Working from the top of the listing below, retype each line through the line containing "Choose from fixed", both included, with no pictures.

Segment Start: DATA IN THIS EXERCISE

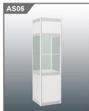
AS06 高身玻璃柜 Tall Glass Showcase 500L x 500W x 2000H mm
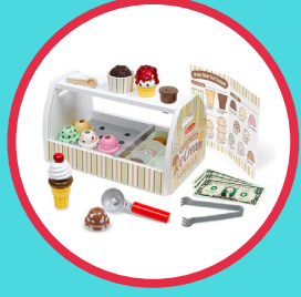
23. Melissa & Doug Scoop & Serve Ice Cream Counter Play Set
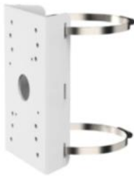
Pole Bracket IBBCPM
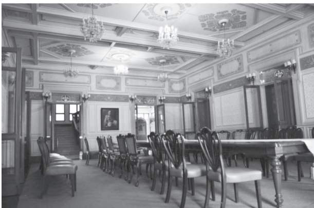
Figure 4 The ground floor of Wiman Chakri Palace which was used as the dining space with musical ensemble played at the floor outside.
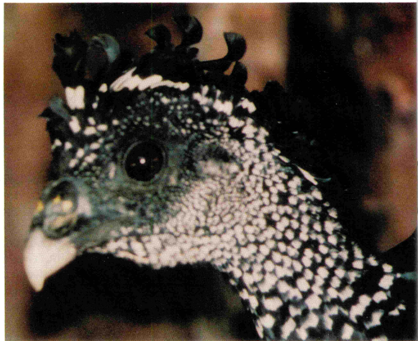
Female Crax rubra — The Great Curassow.
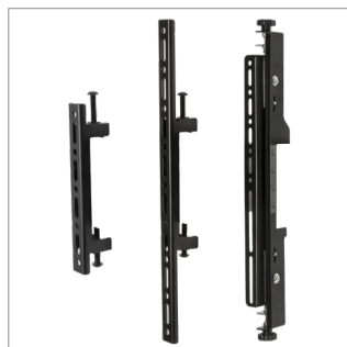
Choose from fixed or micro-adjustment interface arms
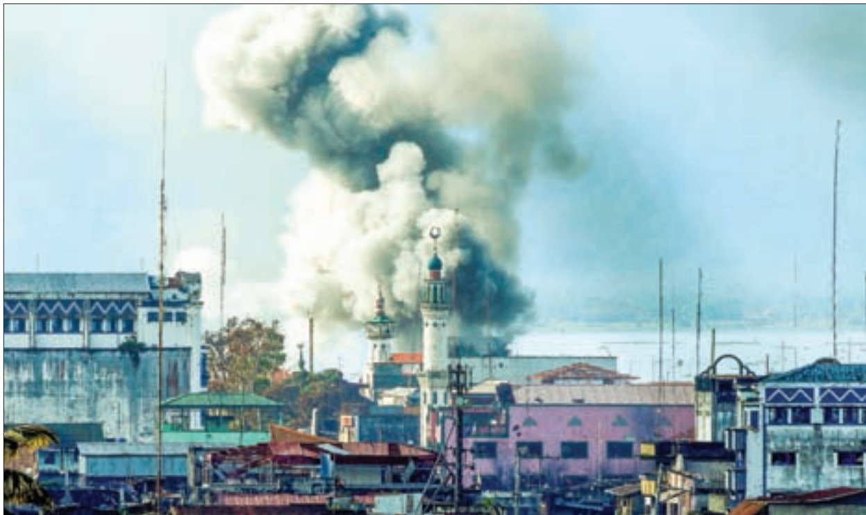
An explosion is seen after a Philippines army aircraft released a bomb during an airstrike as government troops continue their assault against insurgents from the Maute group in Marawi city on 27 June, 2017.

The Philippine Daily Inquirer reported that Abdullah Maute, one of two brothers who formed the militant group carrying their name, had told religious emissaries on Sunday that he wanted his mother and father freed in

Segment End: DATA IN THIS EXERCISE

EXERCISE OUTPUT:
AS06 高身玻璃柜 Tall Glass Showcase 500L x 500W x 2000H mm
23. Melissa & Doug Scoop & Serve Ice Cream Counter Play Set
Pole Bracket IBBCPM
Figure 4 The ground floor of Wiman Chakri Palace which was used as the dining space with musical ensemble played at the floor outside.
Female Crax rubra — The Great Curassow.
Choose from fixed or micro-adjustment interface arms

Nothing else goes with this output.